The complete implementation is provided in a self-contained Jupyter notebook that can be executed independently. All methodological details, experimental design, and theoretical foundations are documented in the accompanying research report.

Getting Started

📓 Primary Implementation: MancalaFinal.ipynb

The MancalaFinal.ipynb notebook contains the complete, self-contained implementation of this project. This is the recommended way to explore and run the framework.

Features of MancalaFinal.ipynb:

  • ✅ Fully self-contained code requiring no external scripts
  • ✅ Complete implementation of all experiments
  • ✅ Integrated visualization and analysis tools
  • ✅ Step-by-step execution with detailed comments
  • ✅ Ready to run in Google Colab or locally

📄 Methodology Reference

For detailed methodological information, experimental design rationale, and theoretical background, please refer to the accompanying PDF report. The report provides:

  • Comprehensive literature review and theoretical foundations
  • Detailed explanation of algorithmic choices and hyperparameter selection
  • Complete experimental methodology and validation procedures
  • In-depth analysis of results and emergent behaviors
  • Discussion of limitations and future research directions

🚀 Quick Start Options

Option 1: Google Colab (Recommended)

  1. Open Google Colab
  2. Upload the MancalaFinal.ipynb notebook
  3. Run cells sequentially from top to bottom
  4. All dependencies will be installed automatically

💡 For faster preliminary results: Locate training parameters and reduce episode counts from 3000 to 300-500.
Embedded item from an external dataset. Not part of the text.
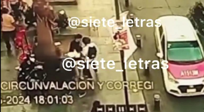 Una cámara de seguridad, logró grabar en las calles Corregidora y Circunvalación del Centro de la Ciudad de México, cómo unos motociclistas apuñalaron varias veces a unos vendedores ambulantes.

Option 2: Local Jupyter Environment

# Clone or download the repository
# Navigate to the project directory
jupyter notebook MancalaFinal.ipynb

System Requirements

  • Google Colab: Web browser and Google account (no local setup required)
  • Local Execution:
    • Python 3.7 or higher
    • Jupyter Notebook or JupyterLab
    • 8GB RAM (recommended for full experiments)
    • 4GB available disk space

Key Features

  • 🎮 Flexible Game Environment: Customizable board configurations with variable pit counts and stone distributions
  • 🤖 Multi-Agent Support: Independent Q-learning agents with experience replay mechanisms
  • 📊 Comprehensive Analysis: Parameter studies, positional analysis, and emergent behavior investigation
  • 📈 Statistical Validation: Rigorous statistical testing with confidence intervals
  • 🎨 Visualization Pipeline: Publication-quality plots and heatmaps for result analysis
  • 📓 Self-Contained Implementation: Complete framework in a single executable notebook

Research Contributions

Strategic Sweet Spots

The research identifies optimal board configurations where reinforcement learning agents significantly outperform theoretical expectations:

Configuration Win Rate Baseline Improvement
6 pits, 2 stones 50.4% 25% random +101.6%
Adjacent positioning (Players 1&2) 62% combined 50% theoretical +24%

Emergent Behaviors

  • 🤝 Pseudo-cooperative dynamics: Independently trained agents develop complementary strategies without explicit coordination
  • 🎯 Positional advantages: Early turn positions provide consistent strategic benefits
  • 📉 Non-linear complexity effects: Performance varies non-monotonically with game parameters
  • 🧩 Strategic pattern recognition: Agents learn to identify and exploit board states for optimal stone capture

Game Rules

Four-Player Mancala Mechanics

Player 4    [R]  P3  P2  P1  [R]    Player 1
           P8  P7  P6  P5  P4  P3
           P1  P2  P3  P4  P5  P6
Player 3    [R]  P1  P2  P3  [R]    Player 2

Setup: Each player controls N pits initially containing M stones, plus one reservoir (scoring pit)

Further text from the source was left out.